→ **Exercise directions**
Stop at the line that contains "Here you can". Until then, set down each line of the records exactly, beginning with the first, and skip pictures.

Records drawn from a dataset
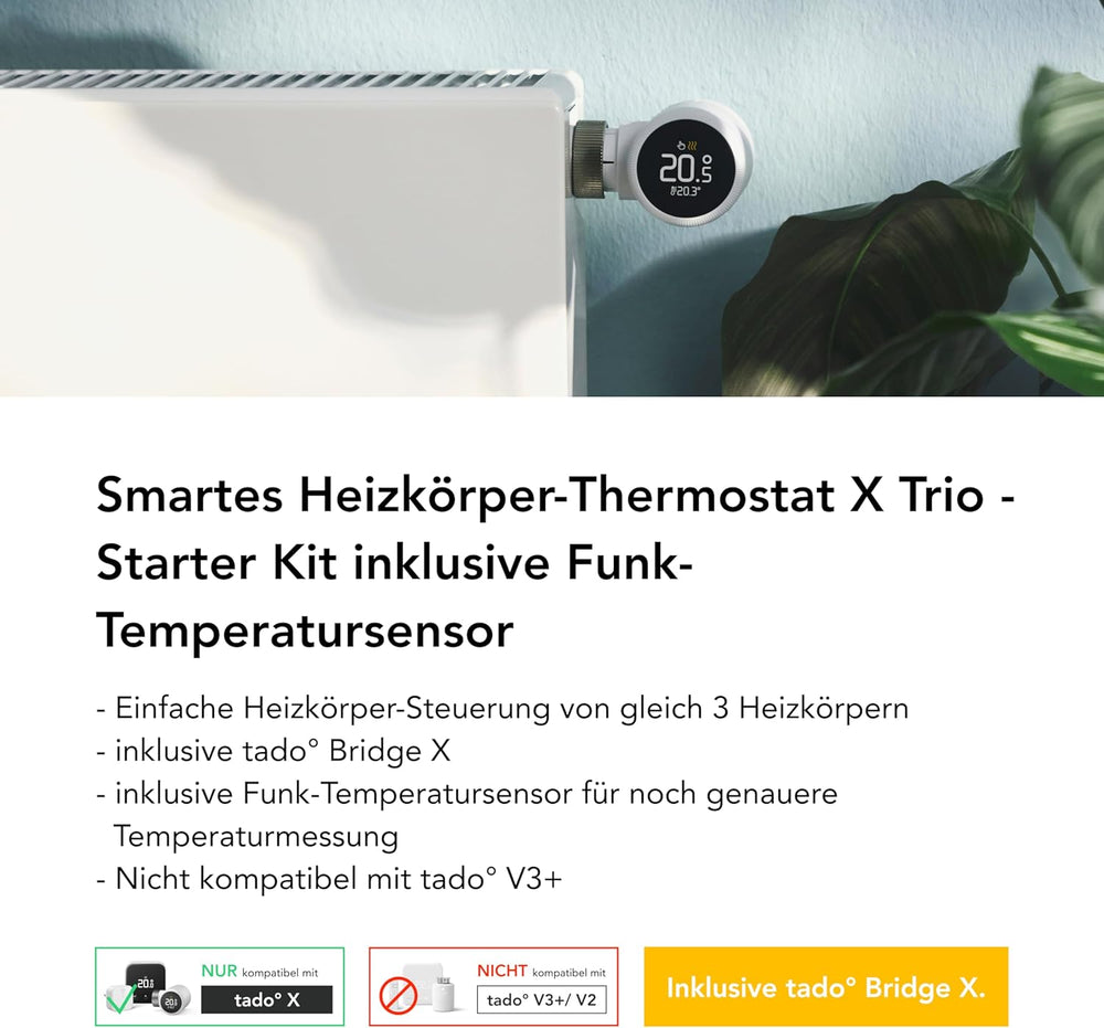 tado° Smartes Heizkörperthermostat X – Starter Kit mit Bridge X, Trio Pack & Funk-Temperatursensor,
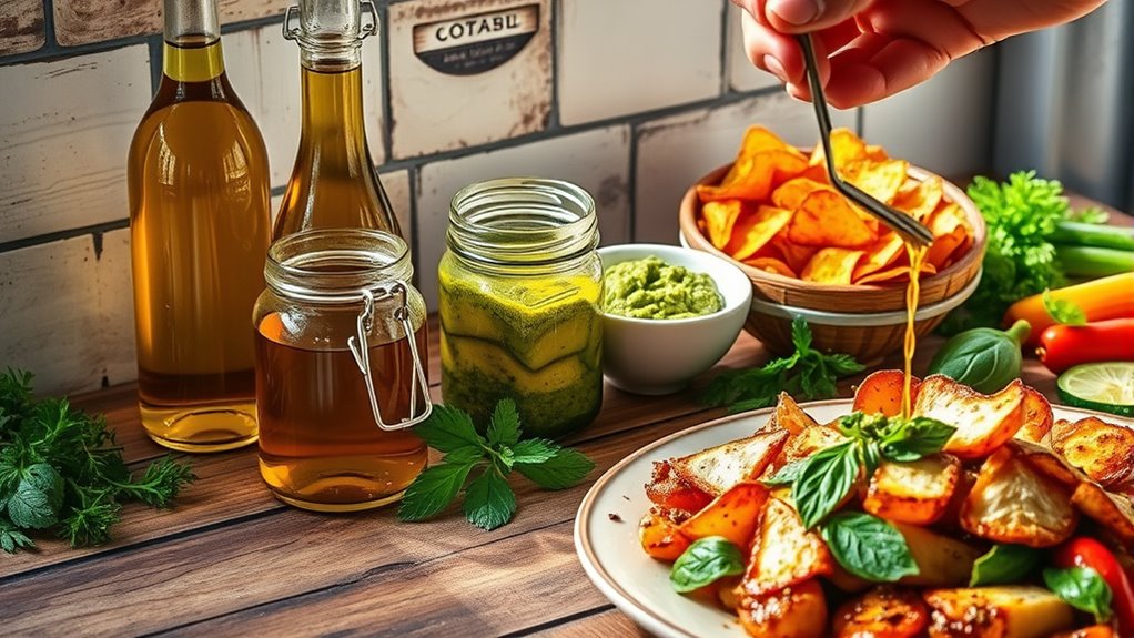 Choosing healthy fats like olive and avocado oils can boost your cooking by adding rich flavor and nutritional benefits. Olive oil is great for dressings and finishing dishes, while avocado oil’s high smoke point makes it perfect for high-heat cooking. Both oils provide monounsaturated fats that support heart health and reduce inflammation. Incorporating these oils wisely can make your meals more delicious and nourishing—keep going to discover how to use them effectively in your kitchen.
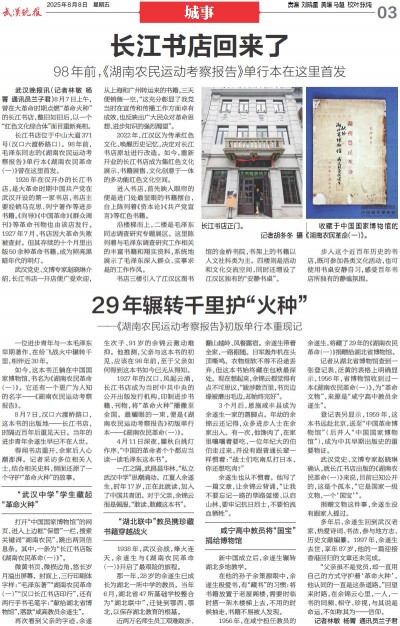武汉晚报讯(记者林敏 杨菁 通讯员兰子君)8月7日上午,曾在大革命时期点燃“革命火种”的长江书店,整旧如旧后,以一个“红色文化综合体”面目重新亮相。
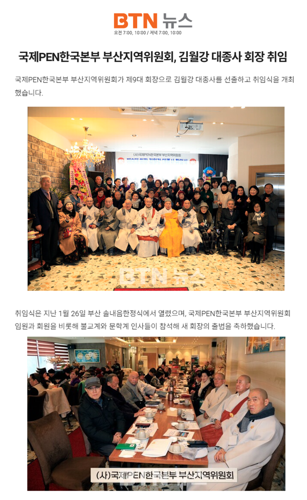 [BTN뉴스] 국제PEN한국본부 부산지역위원회, 김월강 대종사 회장 취임
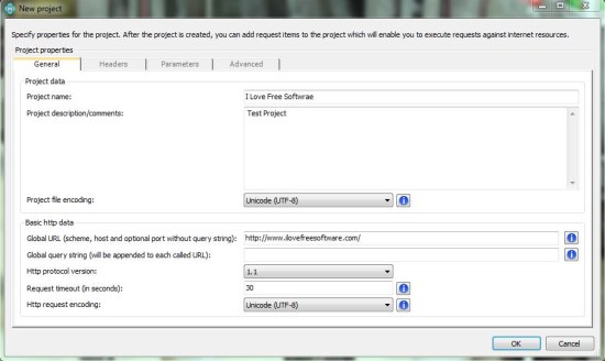 Here you can create new projects, enter specific project data including project name, description, file encoding method, etc., request standard or custom headers, and set dynamic parameters to further fine tune the web requests. These projects will be saved to your local disks with “hmpr” extension.
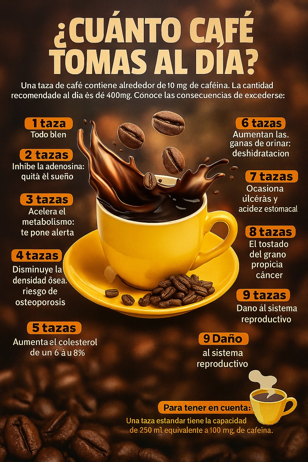 El café es una de las bebidas más consumidas en el mundo, pero excederse puede traer consecuencias. Una taza estándar de café (250 ml) contiene aproximadamente 100 mg de cafeína, y la cantidad máxima recomendada es de 400 mg al día (equivalente a 4 tazas).
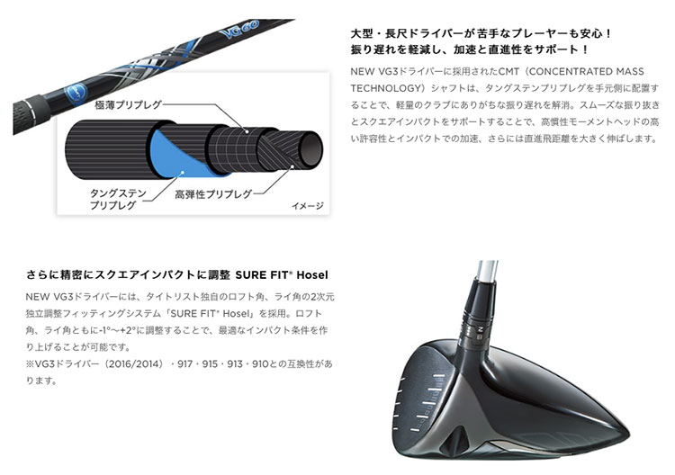 ※VG3ドライバー(2018/2016/2014)は、917・915・913・910ドライバー用SURE FIT Hosel付きシャフトと互換性があります。
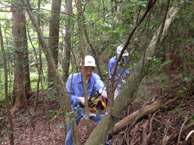 思えば途中の作業では、山下から現場まで1時間もかけて上り下りしながら作業を続け、作業での怪我もあったが何とか無事にここまで来たという感じです。途中チェンソーでどれだけの量の立ち枯れ松を倒した事か。

→ **Result**
 tado° Smartes Heizkörperthermostat X – Starter Kit mit Bridge X, Trio Pack & Funk-Temperatursensor,
 Choosing healthy fats like olive and avocado oils can boost your cooking by adding rich flavor and nutritional benefits. Olive oil is great for dressings and finishing dishes, while avocado oil’s high smoke point makes it perfect for high-heat cooking. Both oils provide monounsaturated fats that support heart health and reduce inflammation. Incorporating these oils wisely can make your meals more delicious and nourishing—keep going to discover how to use them effectively in your kitchen.
武汉晚报讯(记者林敏 杨菁 通讯员兰子君)8月7日上午,曾在大革命时期点燃“革命火种”的长江书店,整旧如旧后,以一个“红色文化综合体”面目重新亮相。
 [BTN뉴스] 국제PEN한국본부 부산지역위원회, 김월강 대종사 회장 취임
 Here you can create new projects, enter specific project data including project name, description, file encoding method, etc., request standard or custom headers, and set dynamic parameters to further fine tune the web requests. These projects will be saved to your local disks with “hmpr” extension.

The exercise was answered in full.